Word for word and without images, reproduce the listing that follows.

Source material:
++++++++
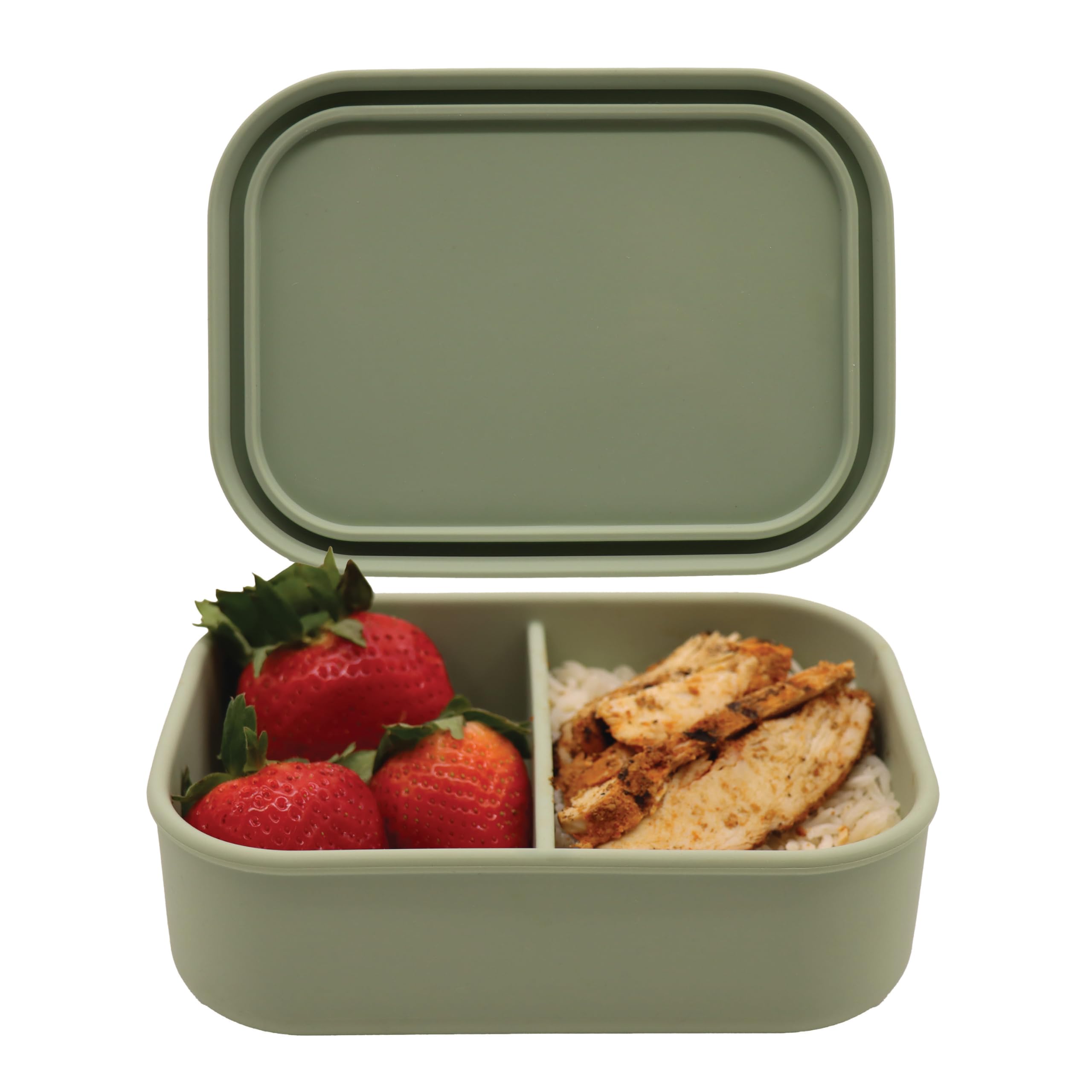Silicone Bento Box, 3 Removable Compartments, BPA-Free, Leak-Resistant, Dishwasher and Microwave Safe, Perfect for Work, Travel & Meal Prep, (Green)
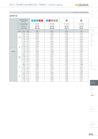 UH (< 70HRC) and MH (30÷70HRC) - Corner radius
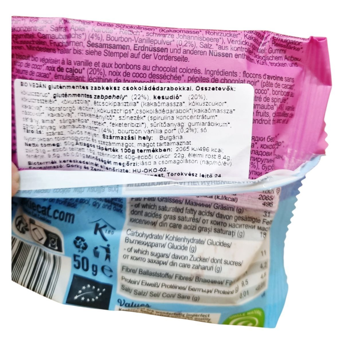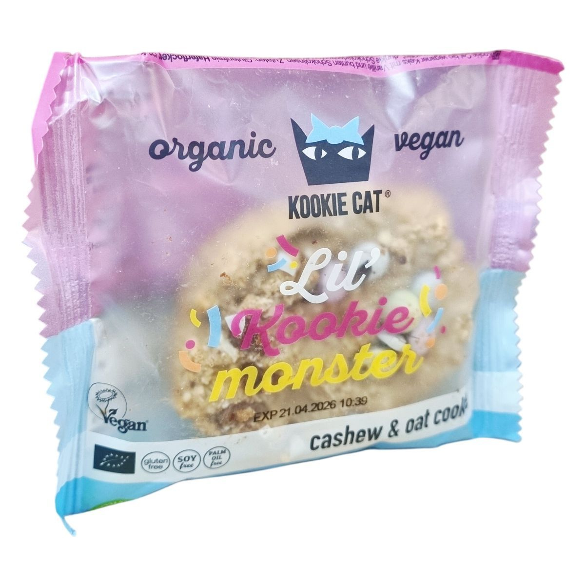 A Lil’ Kookie Monster egy organikus, vegán keksz gluténmentes zabpehelyből, kesudióval és színes csokoládédarabokkal. Természetes növényi színezékeket és bio alapanyagokat tartalmaz.
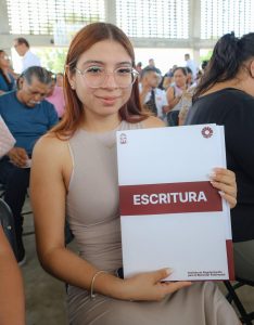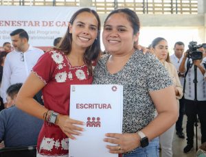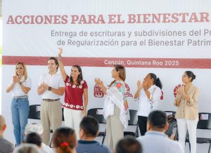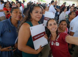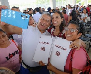 Cancún,- “Esto es palabra cumplida, estos son hechos con los que seguimos transformando Cancún”, dijo la Presidenta Municipal, Ana Paty Peralta, al entregar con la gobernadora, Mara Lezama, 303 escrituras y dos subdivisiones provenientes del Instituto de Regularización para el Bienestar Patrimonial (INBIPA), para dar certeza jurídica y justicia social a las y los cancunenses.
++++++++
Output of the exercise:
Silicone Bento Box, 3 Removable Compartments, BPA-Free, Leak-Resistant, Dishwasher and Microwave Safe, Perfect for Work, Travel & Meal Prep, (Green)
 UH (< 70HRC) and MH (30÷70HRC) - Corner radius
 A Lil’ Kookie Monster egy organikus, vegán keksz gluténmentes zabpehelyből, kesudióval és színes csokoládédarabokkal. Természetes növényi színezékeket és bio alapanyagokat tartalmaz.
 Cancún,- “Esto es palabra cumplida, estos son hechos con los que seguimos transformando Cancún”, dijo la Presidenta Municipal, Ana Paty Peralta, al entregar con la gobernadora, Mara Lezama, 303 escrituras y dos subdivisiones provenientes del Instituto de Regularización para el Bienestar Patrimonial (INBIPA), para dar certeza jurídica y justicia social a las y los cancunenses.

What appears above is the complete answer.